Intelligence chiefs last week presented America’s incoming 45th president, as well as current President Barack Obama, with a two-page synopsis on the potential embarrassment, according to CNN and The New York Times, who cited multiple unnamed U.S. officials with direct knowledge of the meeting.

The outgoing U.S. leader had little to add publicly to the bombshell revelations, saying he hadn’t yet seen the media reports, as he delivered his farewell address Tuesday with 10 days to go until Trump’s inauguration.

He added however that he hopes Congress and the Trump administration will continue to work toward finding answers about who is responsible for hacking scandals that have roiled American politics in recent months.
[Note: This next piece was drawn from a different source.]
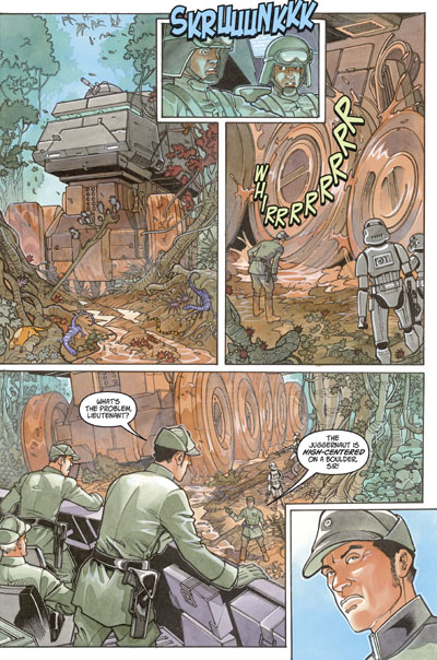 He may have washed-out as a pilot at the Imperial Academy, but Lt. Janek Sunber has found a new home in the infantry. Hoping for a post on a world where he could see some action against the Rebels, he instead finds himself on the jungle world of Maridun as part of a regiment overseeing the construction of a new base. But just when he’s resigned himself to a long, uneventful tour of duty, things heat up. The alien natives are restless, and on the hunt for human skulls! Sunber is about to learn one of the truths about the infantry: all service is sacrifice, and in the infantry that sacrifice is usually in blood!

CNN gave no details of the allegations but U.S. media outlet Buzzfeed published, without corroborating its contents, a 35-page dossier of memos on which the synopsis is based, which had been circulating in Washington for months.

The memos describe sex videos involving prostitutes filmed during a 2013 visit by Trump to a luxury Moscow hotel, supposedly as a potential means for blackmail.

They also suggest Russian officials proposed lucrative deals in order to win influence over the Republican real estate magnate.

The dossier was originally compiled by a former British MI-6 intelligence operative hired by other U.S. presidential contenders to do political “opposition research” on Trump in the middle of last year, according to CNN.

Russia is likely to take center stage when Trump will use his first news conference in nearly six months on Wednesday to lay out a plan to separate himself from his business empire to try to erase questions about potential conflicts of interest.

In his first formal session with reporters since winning the Nov. 8 election, Trump will likely face questions about his bid to warm U.S. relations with Moscow.

Trump has faced persistent questions about Russia throughout the past year given his reluctance to criticize Russian President Vladimir Putin and his desire to improve U.S. relations with Moscow, including working together to defeat ISIS.

While North Korea, Syria, Iran, China, tax reform and border security could well come up at the news conference, questions about Russia are likely to dominate the session.